[Items from a dataset]
+---+
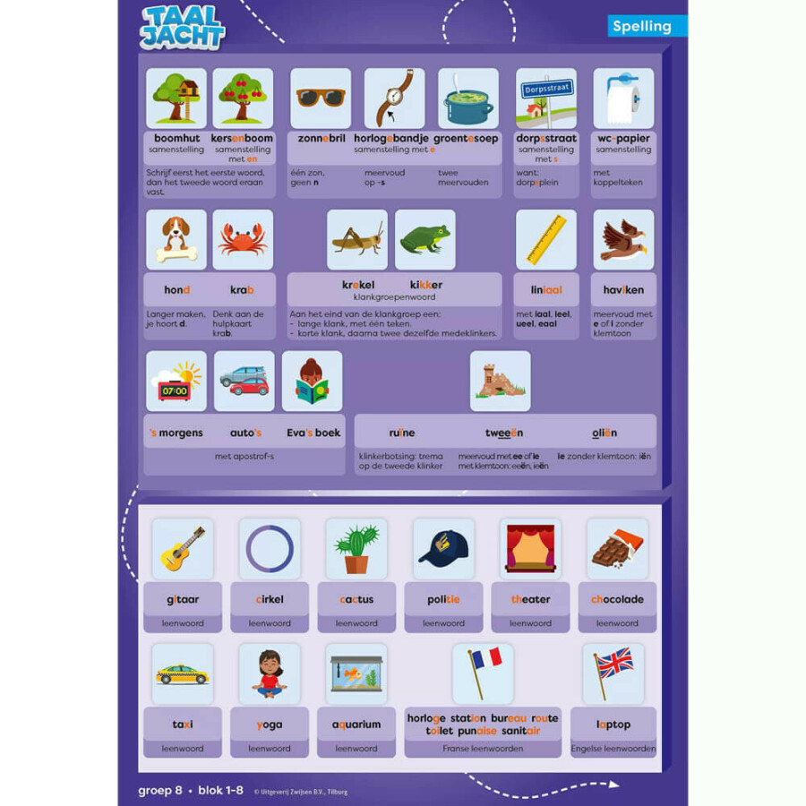 De categoriekaarten van Taaljacht helpen leerlingen uit groep 8 om zich de juiste spelling van woorden eigen te maken. Op de kaarten vinden ze, per categorie, een voorbeeldwoord en een korte uitleg van de spellingregel of -afspraak terug.
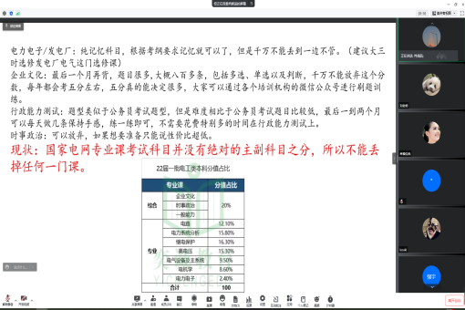 会议伊始,刘悦老师简单介绍了举办此次线上分享会的目的,指出随着国家电网的考试热度越来高,难度也会越来越大,希望广大有志向报考国家电网的同学尽早开始准备。
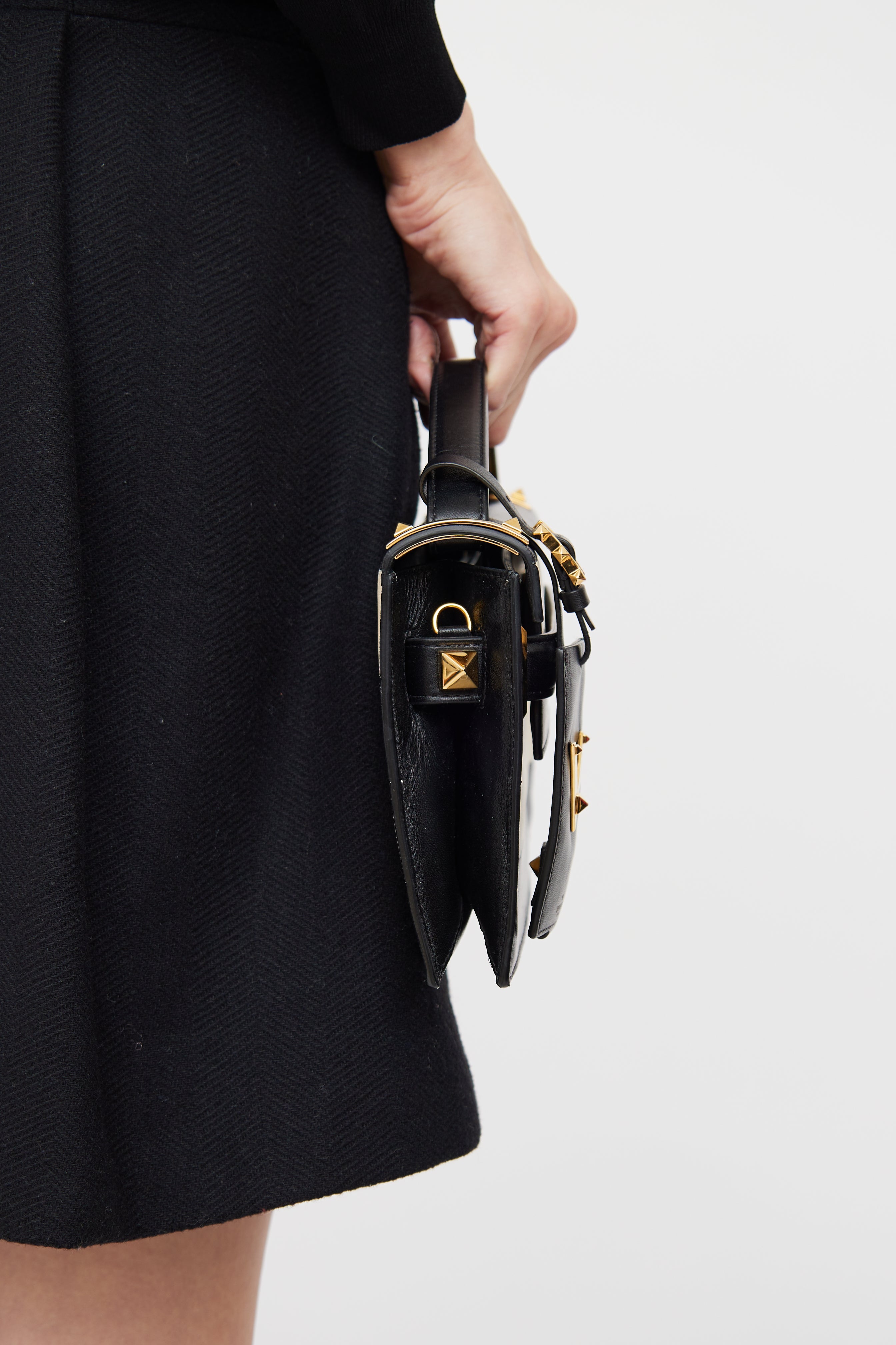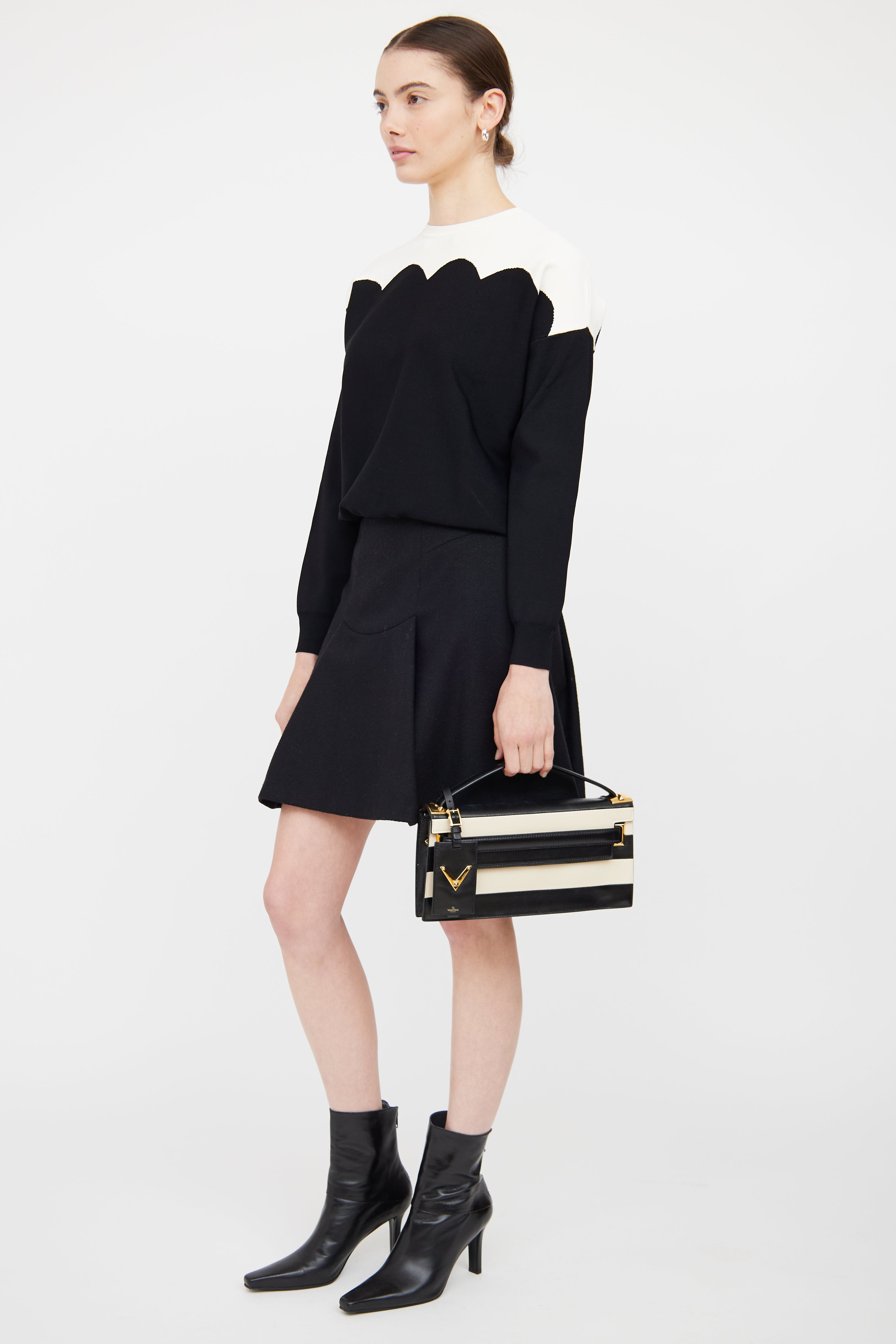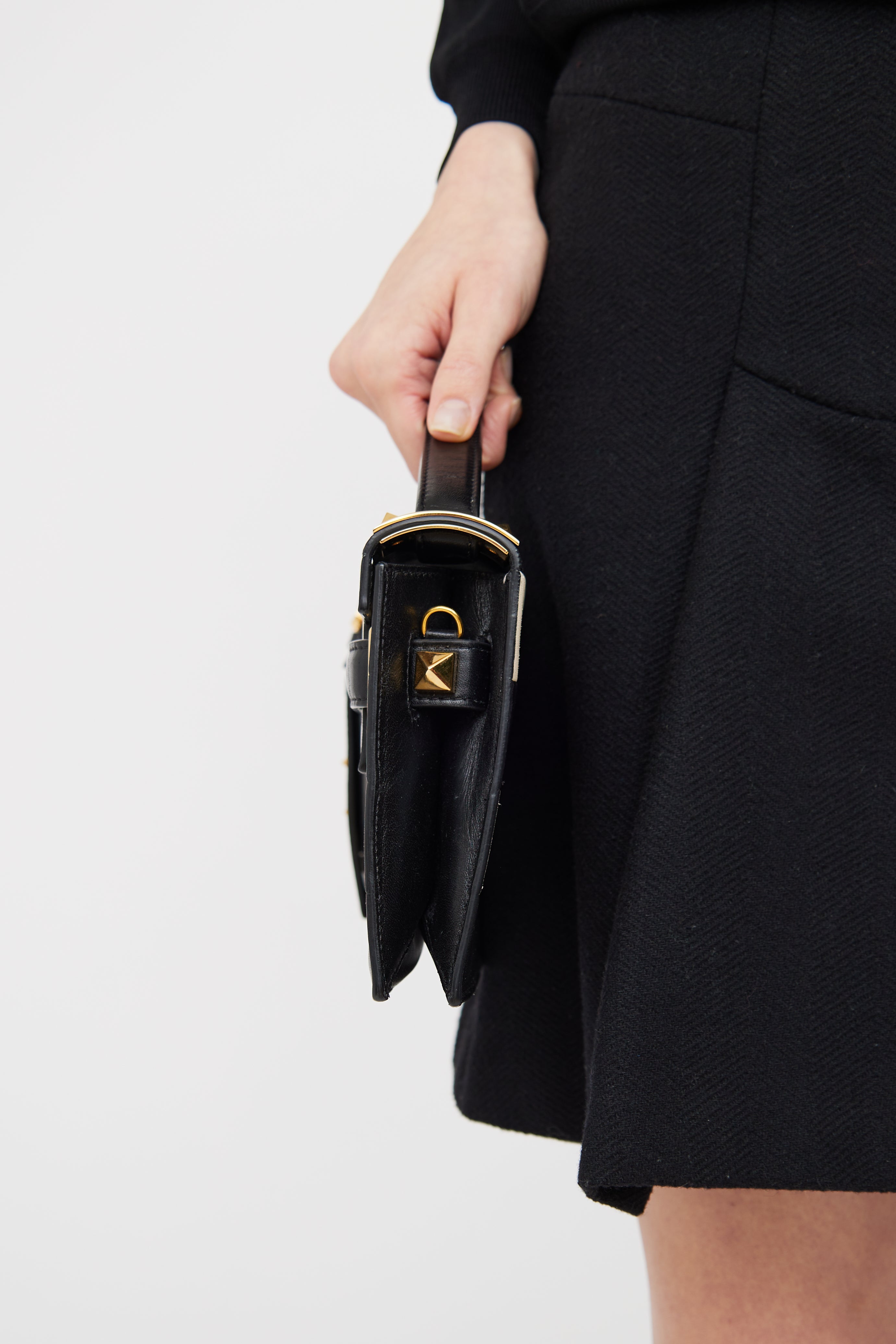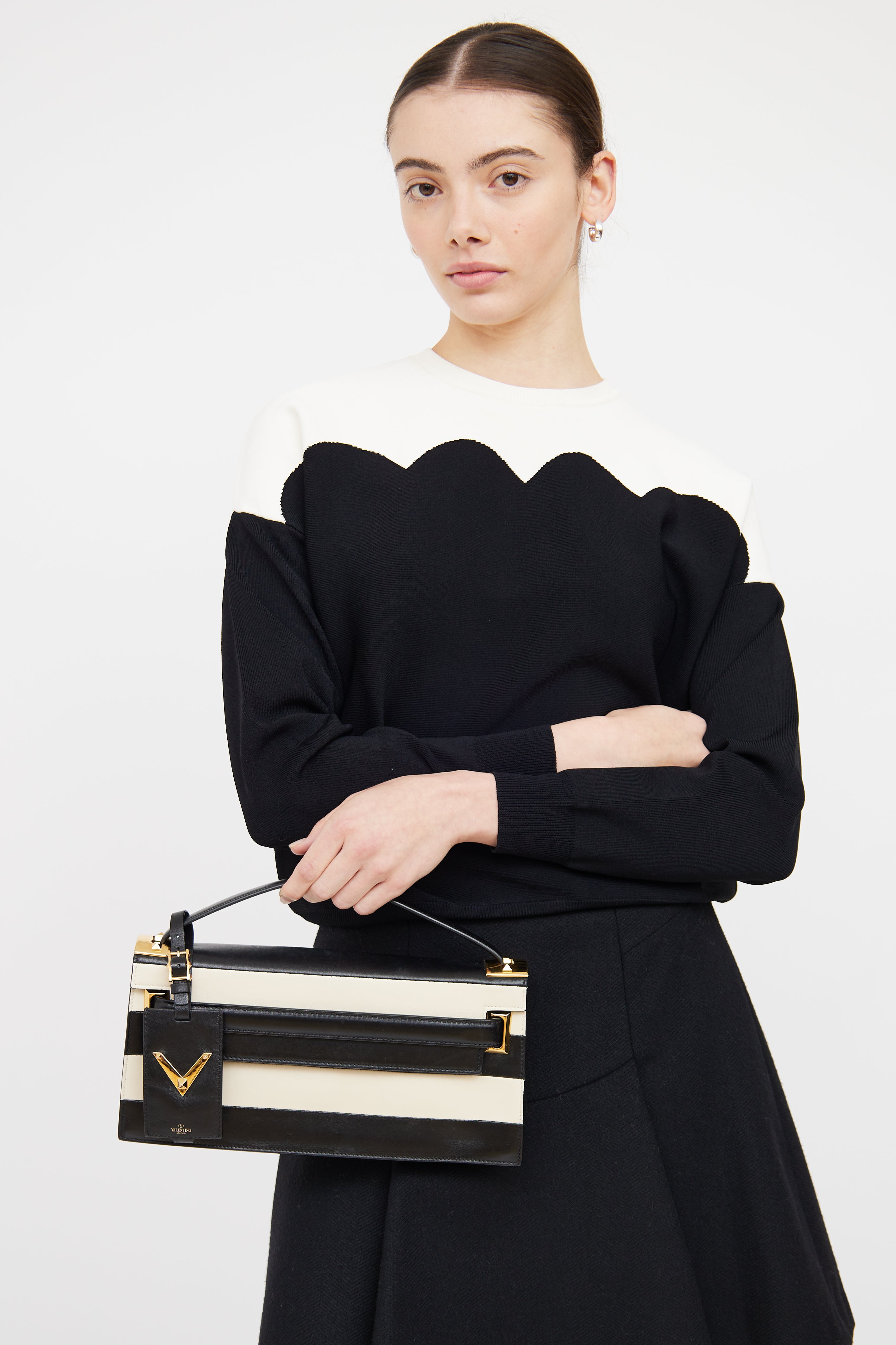 Pre-owned Valentino black and white My Rockstud striped clutch featuring top flap and snap closure, single flat top handle, detachable ID tag, gold tone hardware and gold foil logo at front.
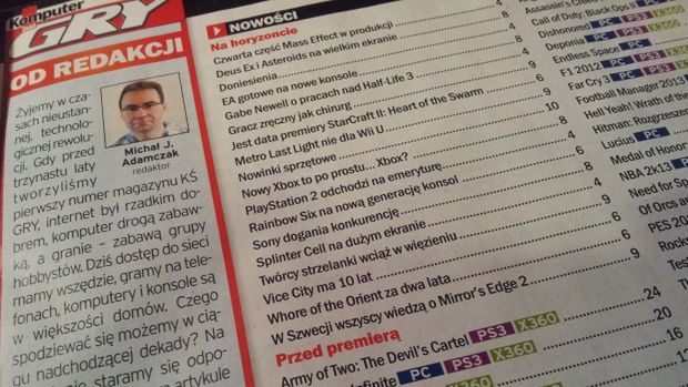 Wśród ciekawych materiałów z ostatniego numeru 1/2013 warto wymienić wywiad z rysownikiem, Michałem "Śledziem" Śledzińskim - o rysowaniu, ale i grach. Może nie wiecie, ale Śledziu jest maniakiem serii Monster Hunter. Ponadto rzuca się w oczy obszerny tekst z przewidywaniami na temat przyszłości gier.
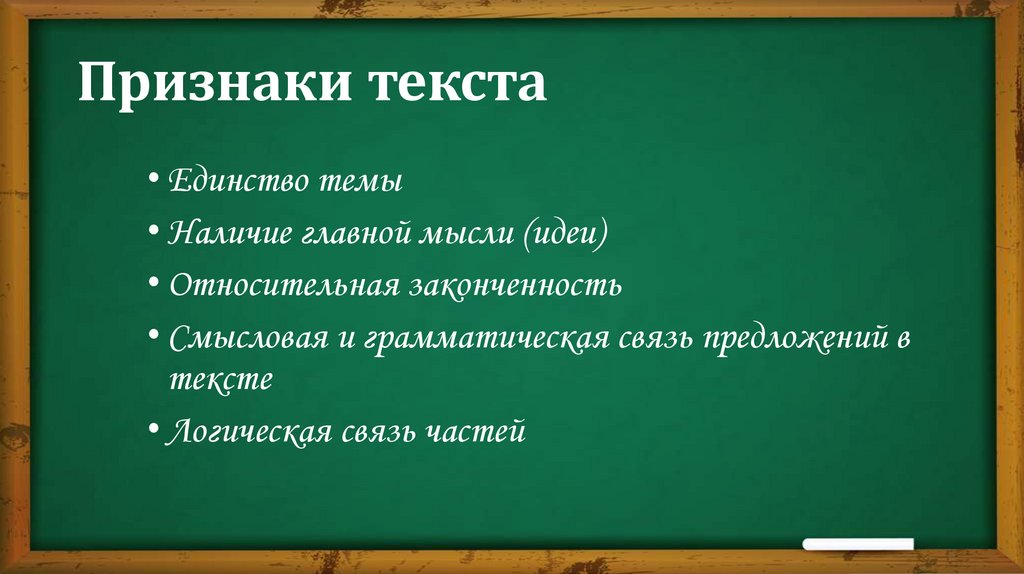 Признаки текста• Единство темы
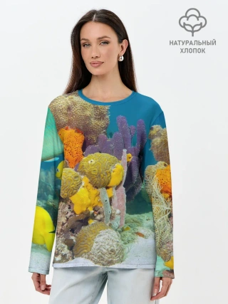 Лонгслив женский. Хлопок / Морской мир
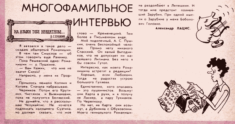 Здесь он просто вдохновлялся аналогичным рассказом с хоккейными фамилиями. Правда, тот ходил только в устном варианте. Да и был не вполне цензурен. Что-то такое: скинулись по Третьяку, взяли Ромишевского. Хорешовский, но Мальцев.
+---+
Requirement
Pictures should not appear in the copy. Write out exactly the lines above from the first one through the line that contains "Pre-owned Valentino black".

Exercise response
 De categoriekaarten van Taaljacht helpen leerlingen uit groep 8 om zich de juiste spelling van woorden eigen te maken. Op de kaarten vinden ze, per categorie, een voorbeeldwoord en een korte uitleg van de spellingregel of -afspraak terug.
 会议伊始,刘悦老师简单介绍了举办此次线上分享会的目的,指出随着国家电网的考试热度越来高,难度也会越来越大,希望广大有志向报考国家电网的同学尽早开始准备。
 Pre-owned Valentino black and white My Rockstud striped clutch featuring top flap and snap closure, single flat top handle, detachable ID tag, gold tone hardware and gold foil logo at front.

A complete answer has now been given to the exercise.